→ **About this exercise**
With pictures omitted, the line containing "2D横版射击游戏,几年前经常" and all later lines of the records below are to be restated word for word.

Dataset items
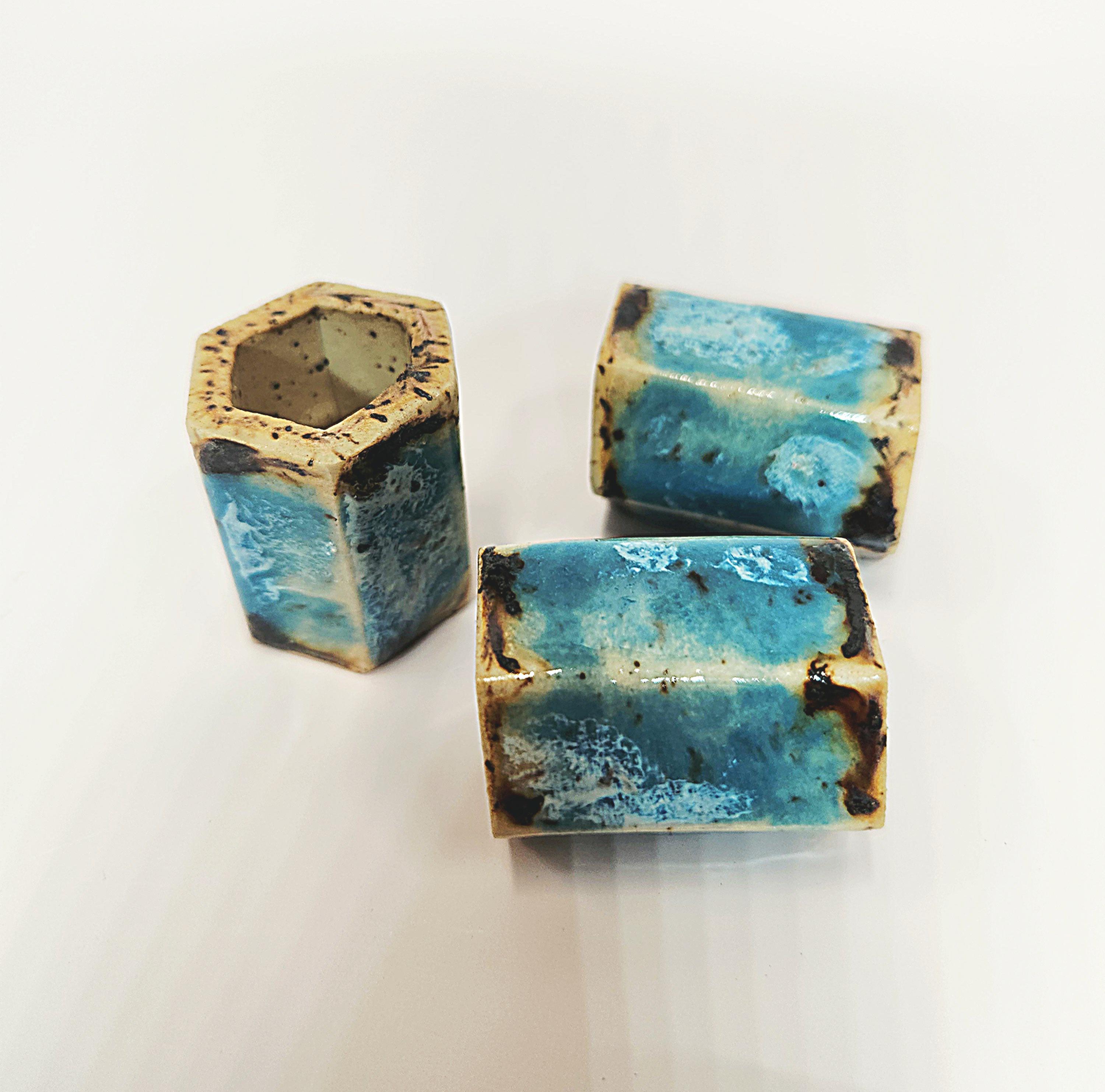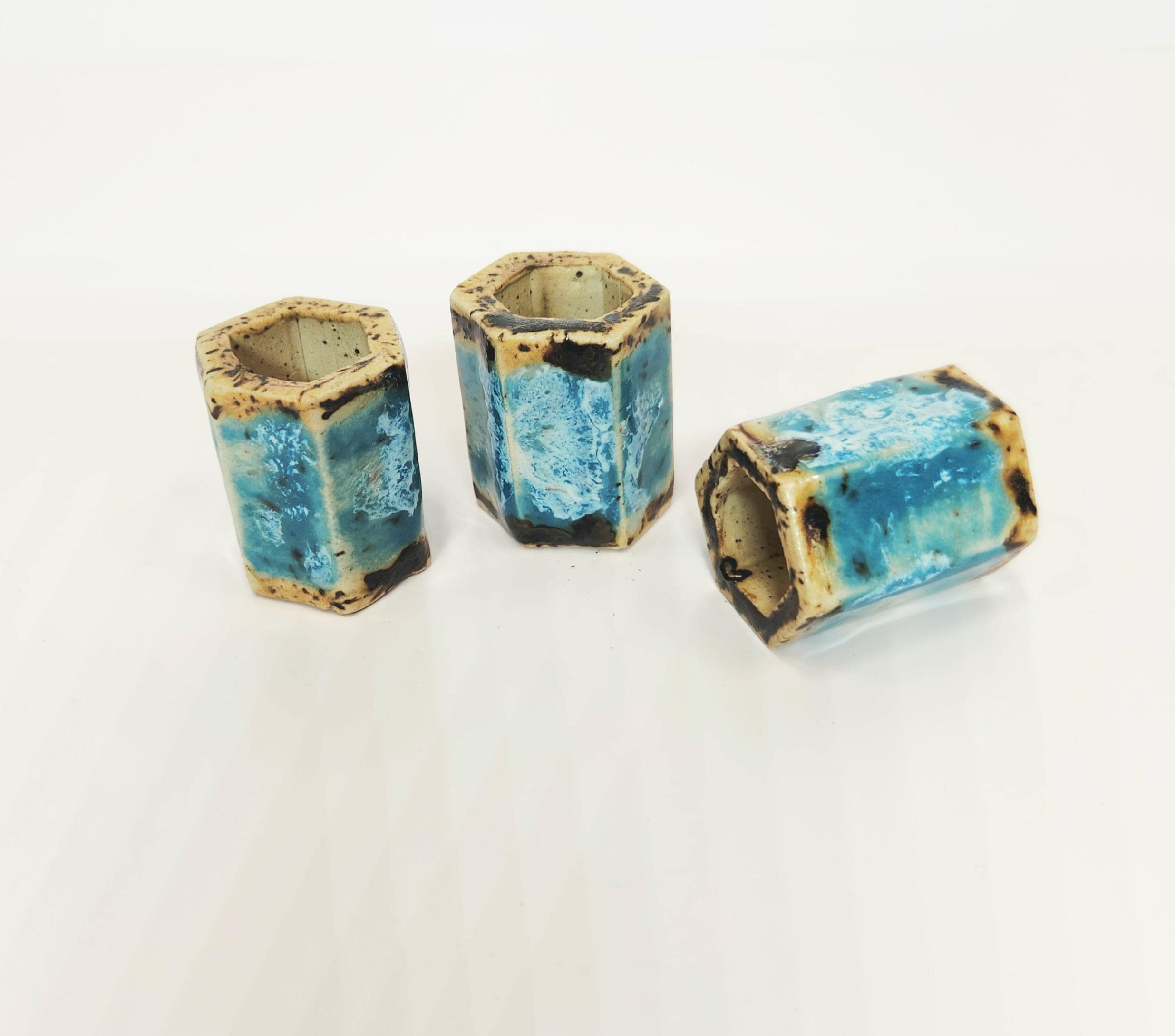 I do my best to match the beads as closely as possible as each one is handmade. This set includes 3 beads; each finished in turquoise blue with highlights of creamy white and brown specks throughout. The edges are finished in a cream with brown speckles
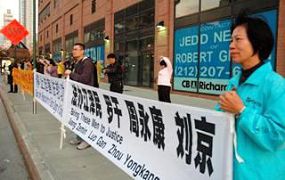 ![]() 在纽约中领馆前,和平抗议中共迫害 |
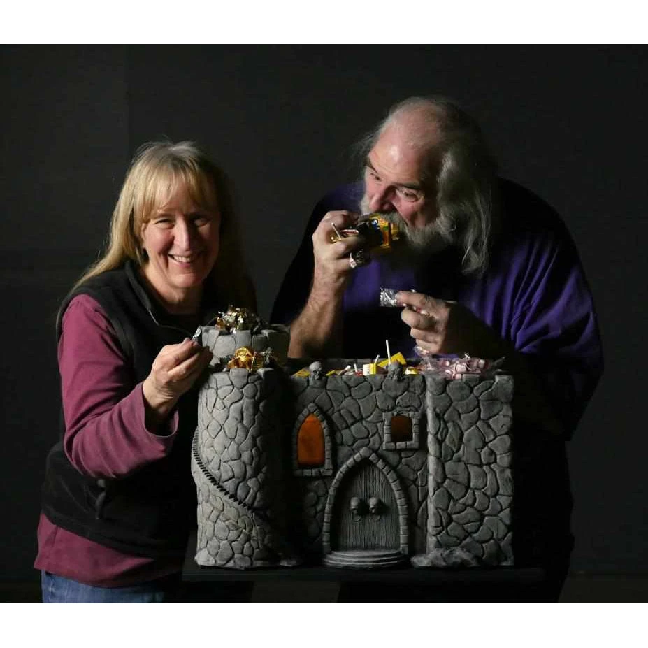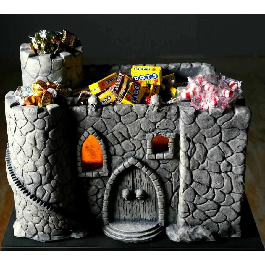 Candy Castle is a haunted castle decoration and candy bowl perfect for Halloween and parties. hand painted made of latex and foam. It includes a light to make the windows glow. Candy castle must not be exposed to candles, open flames, or high heat sources.
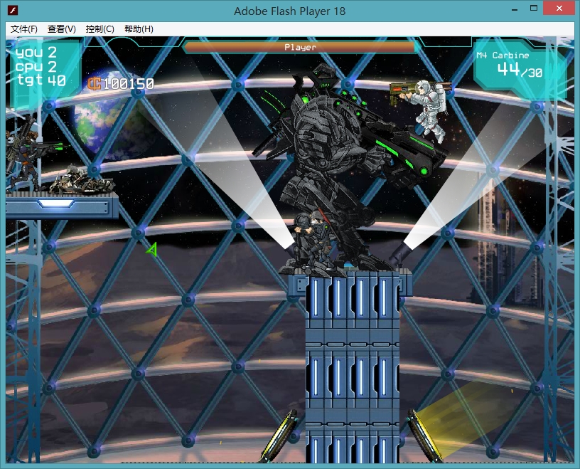 2D横版射击游戏,几年前经常玩。剧情是讲未来4个颜色的队伍去外星抢夺能源,然后互掐。游戏玩法和《外星人特战队》差不多,武器很多,也是在荧光地区捡起,下面是外星人特战队截图。
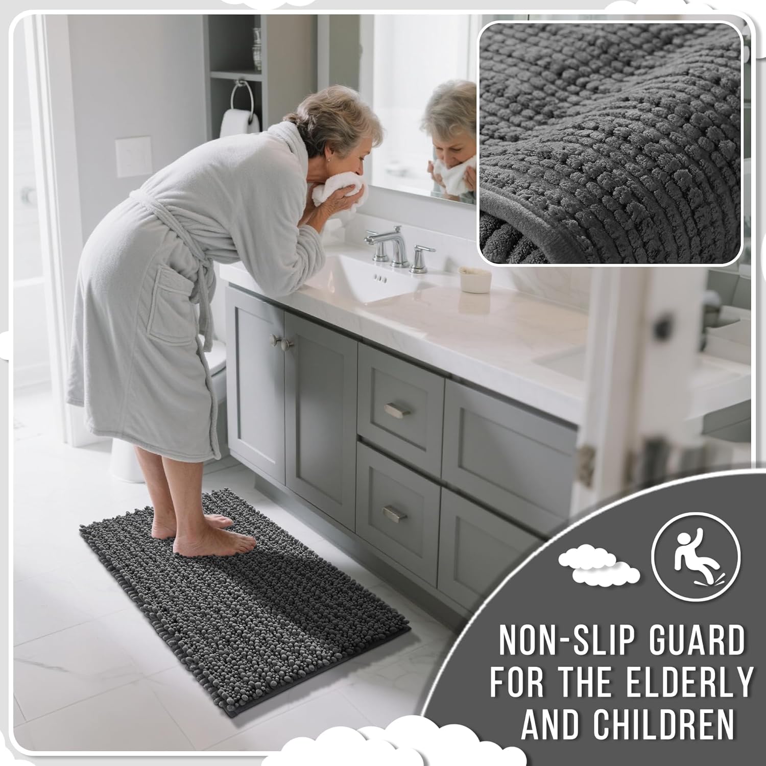 Yimobra Long Bathroom Rugs Non Slip Washable 44x24 Inch - Ultra Soft Absorbent Chenille Bath Mat, Quick Dry Shaggy Floor Carpet for Tub Shower, Dark Gray Home Decor Accessories
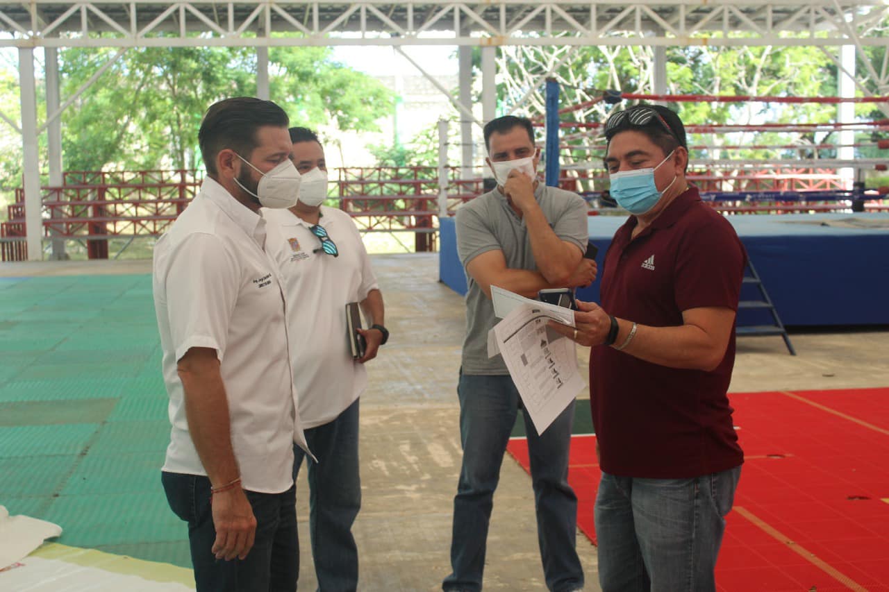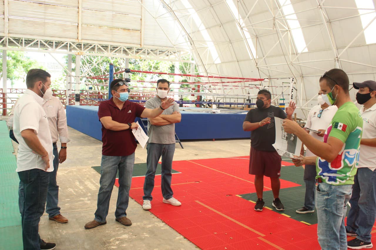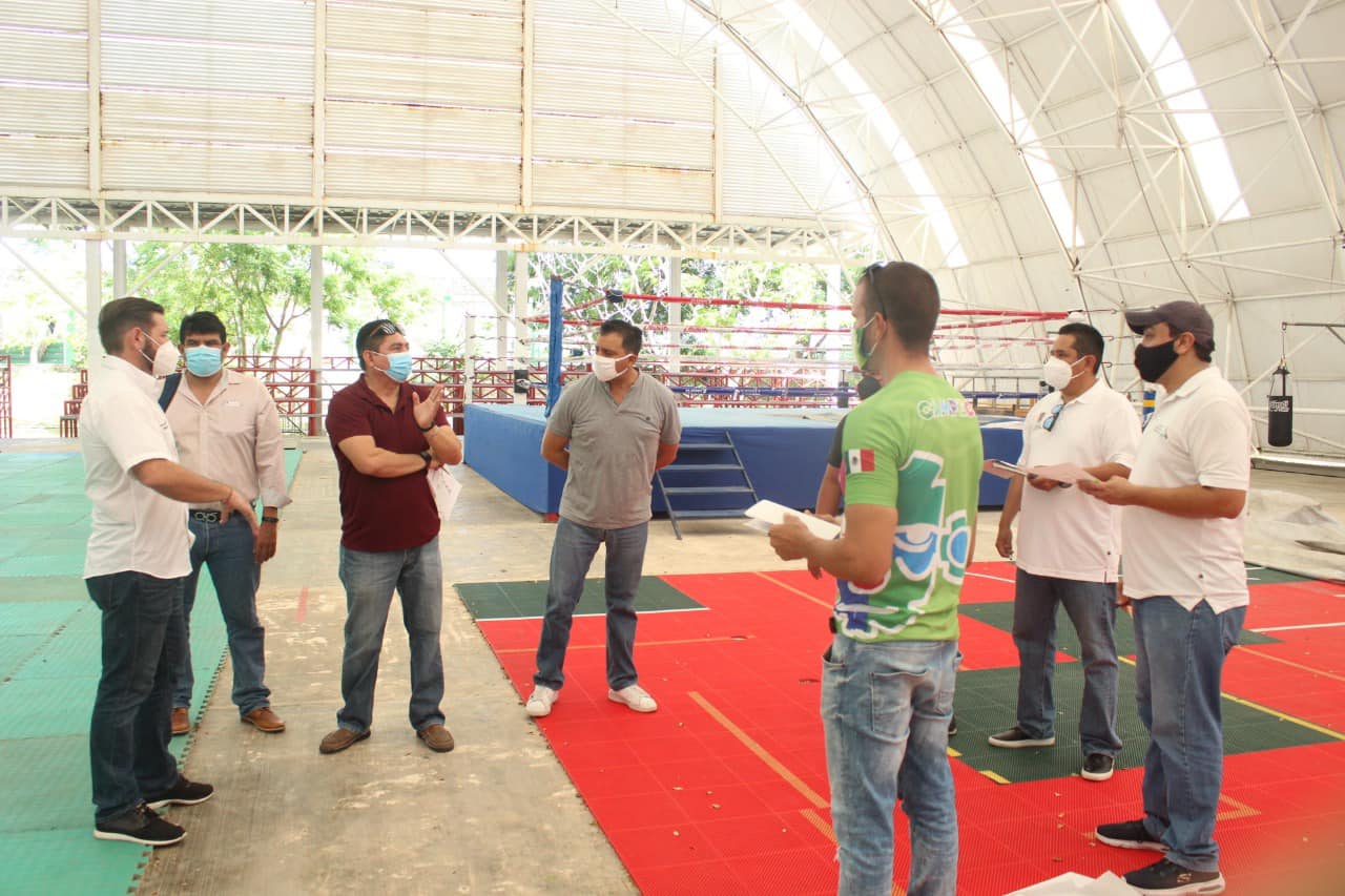 Para verificar cada detalle de la participación de los pesistas campechanos en el Mundial Virtual de la especialidad, el Director General del Instituto del Deporte de Campeche (INDECAM) Jorge Carlos Hurtado Montero, se reunió con personal administrativo y de campo durante el montaje del escenario donde los atletas realizarán la competencia internacional.

→ **Response to the exercise**
 2D横版射击游戏,几年前经常玩。剧情是讲未来4个颜色的队伍去外星抢夺能源,然后互掐。游戏玩法和《外星人特战队》差不多,武器很多,也是在荧光地区捡起,下面是外星人特战队截图。
 Yimobra Long Bathroom Rugs Non Slip Washable 44x24 Inch - Ultra Soft Absorbent Chenille Bath Mat, Quick Dry Shaggy Floor Carpet for Tub Shower, Dark Gray Home Decor Accessories
 Para verificar cada detalle de la participación de los pesistas campechanos en el Mundial Virtual de la especialidad, el Director General del Instituto del Deporte de Campeche (INDECAM) Jorge Carlos Hurtado Montero, se reunió con personal administrativo y de campo durante el montaje del escenario donde los atletas realizarán la competencia internacional.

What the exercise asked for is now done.